Charlie's Burgers is a series of private dining events originated in Toronto, Ontario, Canada in 2009 operated by Franco Stalteri and Donato Carozza. In 2010, it was ranked by Food and Wine Magazine as one of the top three "word of mouth" supper clubs on its list of "100 Best New Food and Drink Experiences in the World". Each dinner event is hosted by a different high-profile chef and is held in a different location, with the location being secret until the last minute. Charlie's Burgers has collaborated with chefs recognized by The World's 50 Best Restaurants, The Michelin Guide and Relais & Chateaux, in Canada, England and France. In January 2010 it held a dinner event featuring insects for which guests paid $155. In July 2010 it expanded beyond Toronto to offer events in London and Paris.
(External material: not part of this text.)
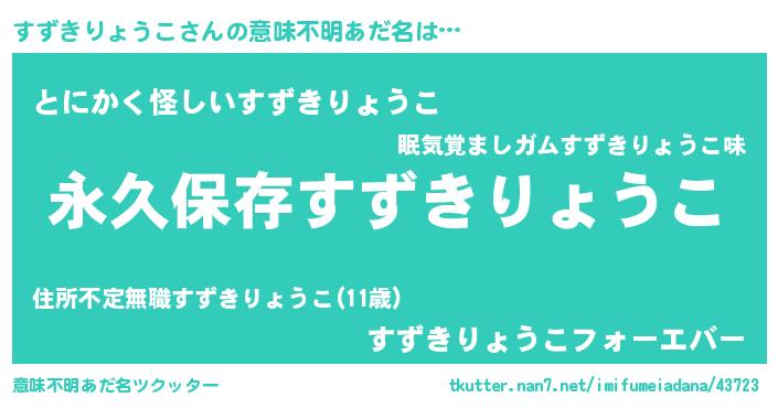 | ヘコむあだ名 | 『すずきりょうこ(笑)』『すず太郎』 |

In August 2011, Charlie's Burgers launched its own Champagne, a Grand Cru, Blanc de Blancs from a grower from Oger, Marne, France. Franco is a voter on the world’s 50 Best Restaurant List.

== TV appearances ==
Franco Stalteri, (Charlie's Burgers Co-founder) was a guest judge on Top Chef Canada, season two episode 11, alongside Lidia Bastianich. Franco was also a guest judge on 2 seasons of Iron Chef Canada.

The restaurant was featured in the first-season finale of the reality television series The Illegal Eater.